** Material provided follows **
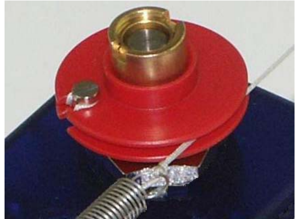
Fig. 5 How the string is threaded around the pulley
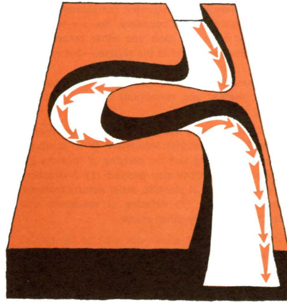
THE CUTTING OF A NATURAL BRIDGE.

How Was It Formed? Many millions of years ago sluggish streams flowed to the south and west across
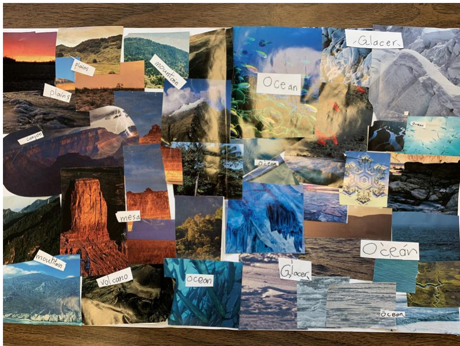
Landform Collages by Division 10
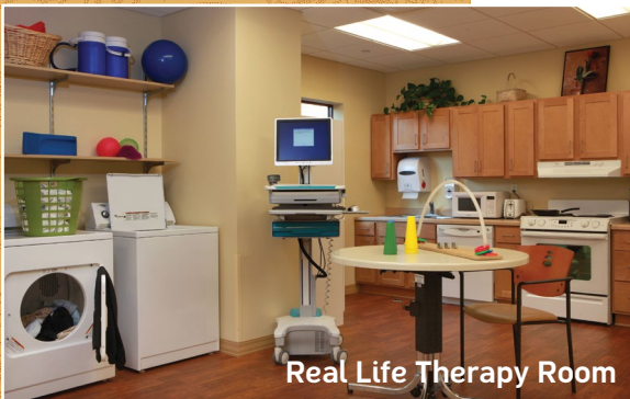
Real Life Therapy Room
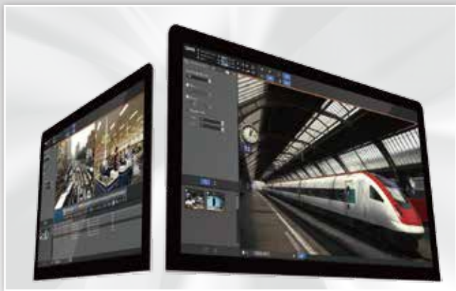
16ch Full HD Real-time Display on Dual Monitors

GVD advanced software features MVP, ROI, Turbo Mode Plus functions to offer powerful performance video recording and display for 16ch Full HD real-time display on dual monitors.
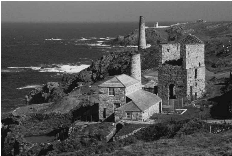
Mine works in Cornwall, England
** End of Material provided **
** Material provided follows **
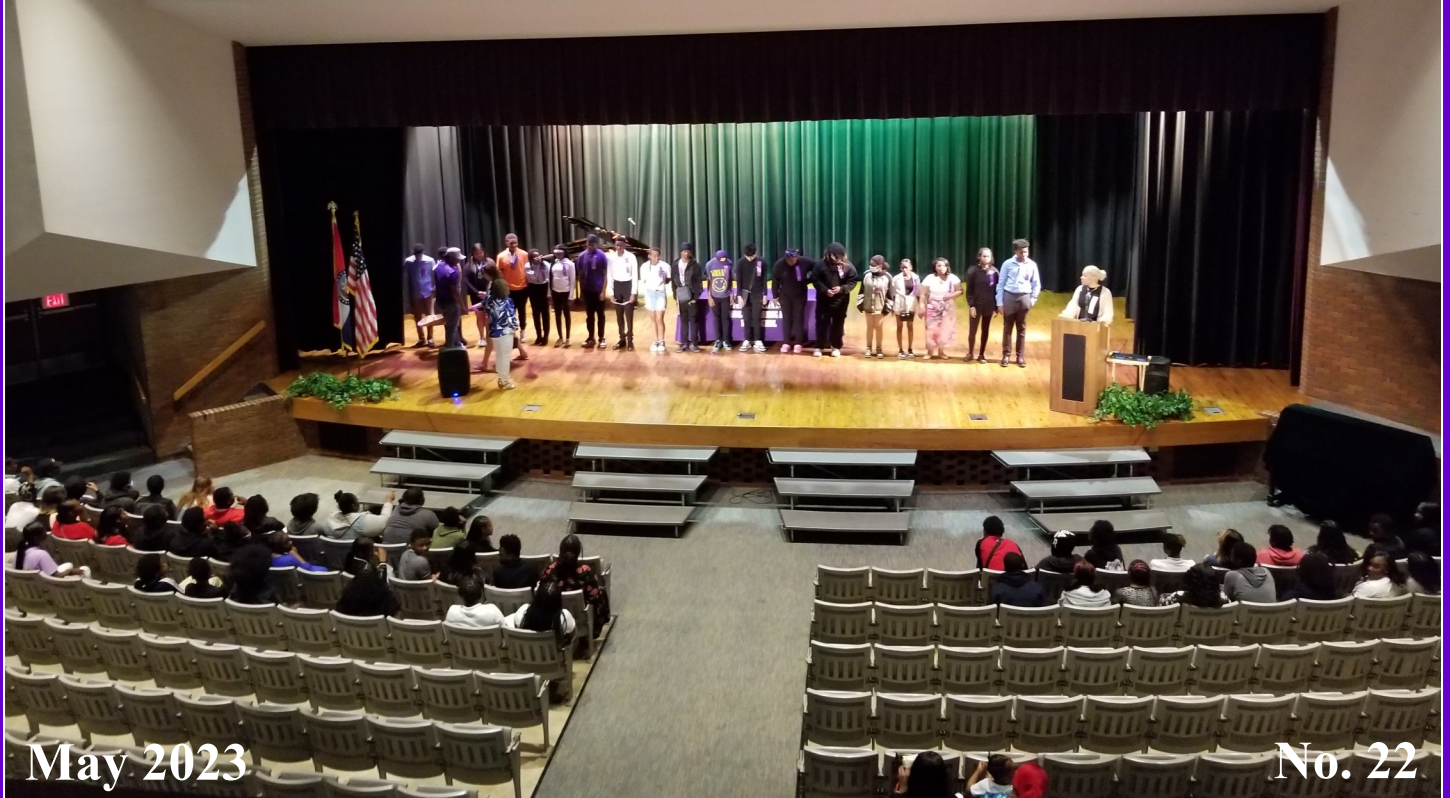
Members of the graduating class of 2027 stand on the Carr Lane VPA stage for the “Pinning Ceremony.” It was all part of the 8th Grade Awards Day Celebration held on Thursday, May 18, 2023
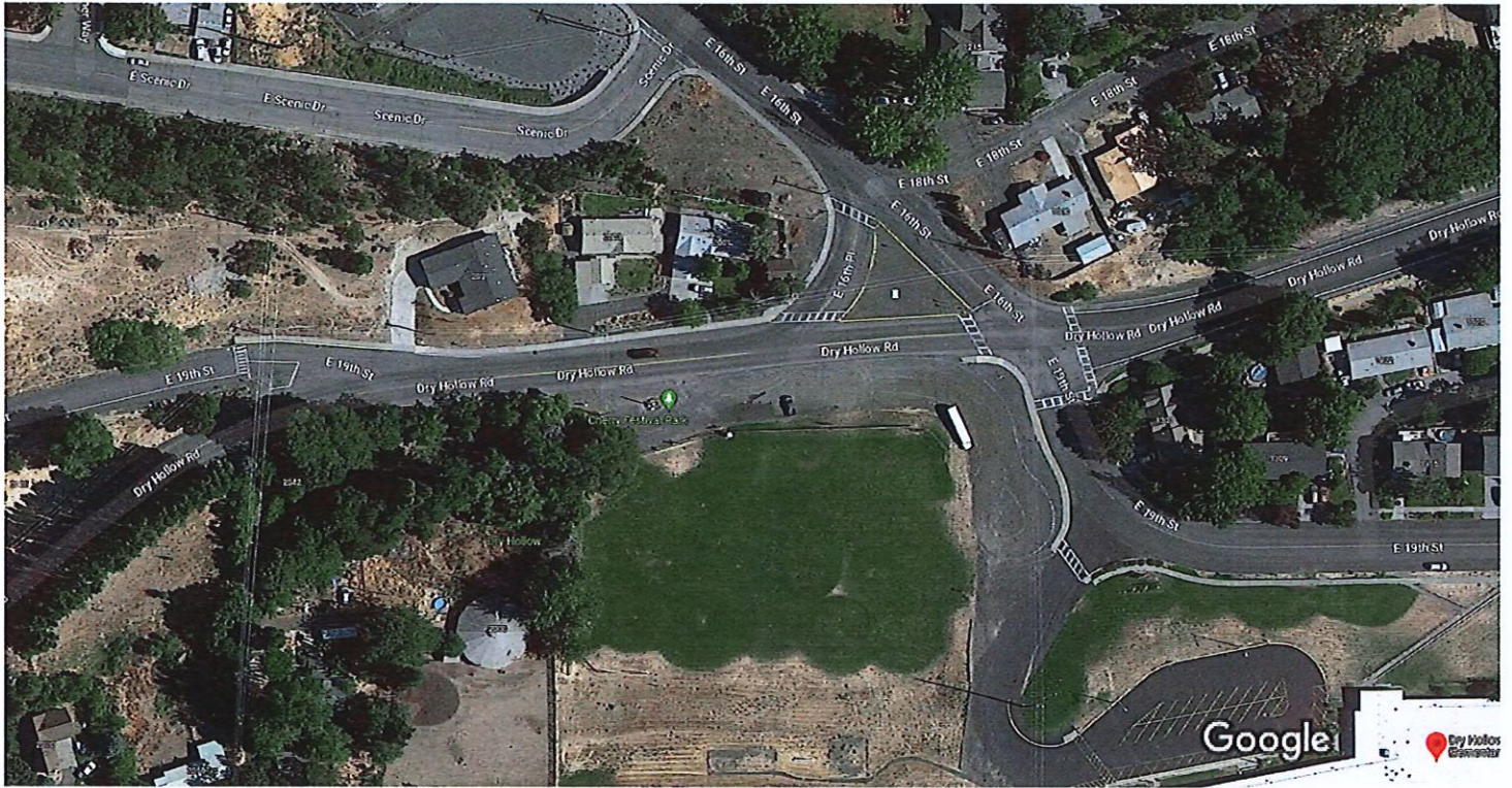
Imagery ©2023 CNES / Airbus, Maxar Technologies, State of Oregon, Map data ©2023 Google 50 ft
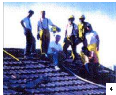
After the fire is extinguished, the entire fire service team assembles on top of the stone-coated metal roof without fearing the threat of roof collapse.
** End of Material provided **
** Material provided follows **
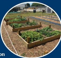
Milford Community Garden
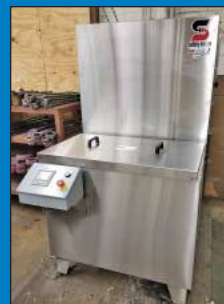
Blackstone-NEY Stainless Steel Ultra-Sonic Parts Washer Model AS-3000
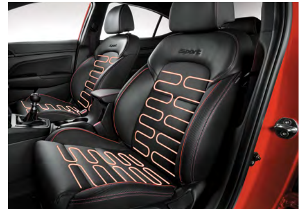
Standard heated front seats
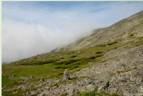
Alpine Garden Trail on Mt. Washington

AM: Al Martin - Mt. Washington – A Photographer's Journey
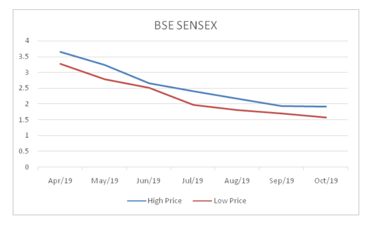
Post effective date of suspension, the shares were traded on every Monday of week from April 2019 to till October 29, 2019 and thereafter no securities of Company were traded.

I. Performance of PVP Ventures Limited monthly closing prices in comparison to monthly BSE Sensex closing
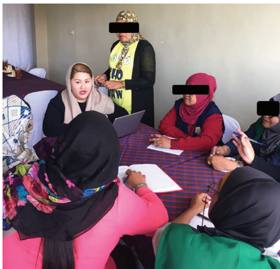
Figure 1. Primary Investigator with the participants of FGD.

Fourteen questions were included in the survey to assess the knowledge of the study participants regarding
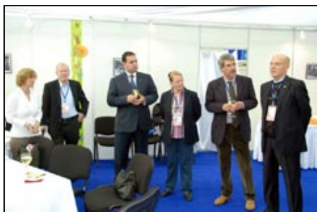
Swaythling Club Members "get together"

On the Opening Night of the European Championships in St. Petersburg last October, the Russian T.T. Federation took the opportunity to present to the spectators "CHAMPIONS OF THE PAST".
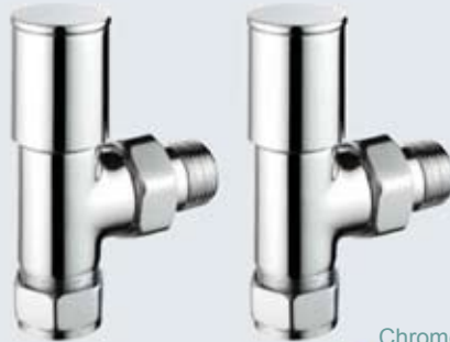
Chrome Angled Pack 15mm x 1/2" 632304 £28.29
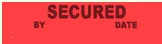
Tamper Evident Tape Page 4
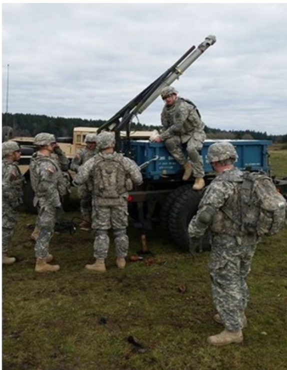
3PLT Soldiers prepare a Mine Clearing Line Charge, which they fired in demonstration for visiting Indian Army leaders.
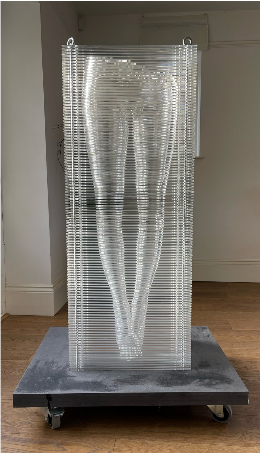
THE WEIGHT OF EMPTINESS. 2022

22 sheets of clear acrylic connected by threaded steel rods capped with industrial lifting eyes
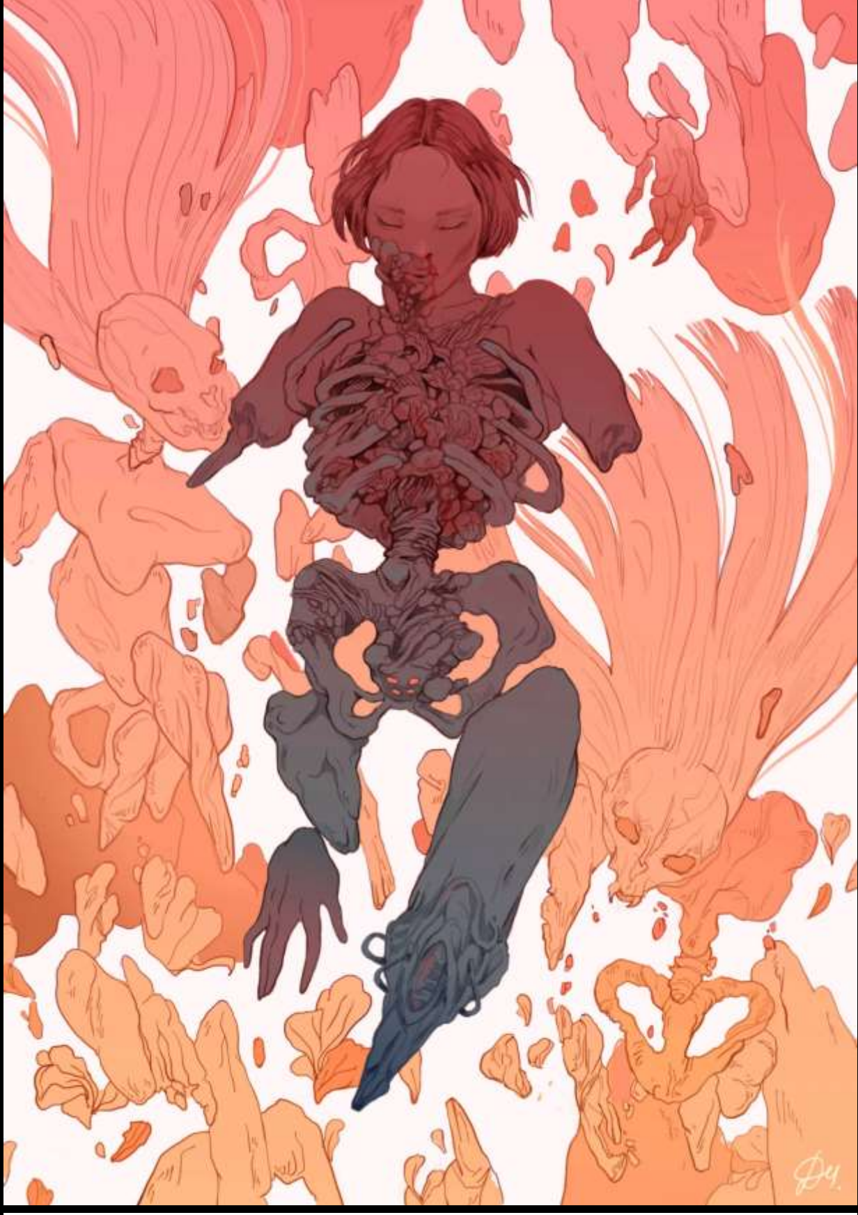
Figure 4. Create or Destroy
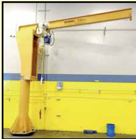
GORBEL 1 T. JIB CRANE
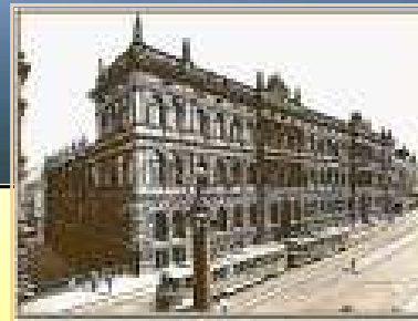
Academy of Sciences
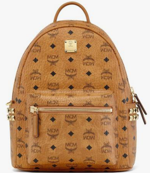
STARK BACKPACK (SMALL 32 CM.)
** End of Material provided **
■ **Try it**
How many lines of the listing include the string "threaded"? Give only the number.

■ **Result for this task**
2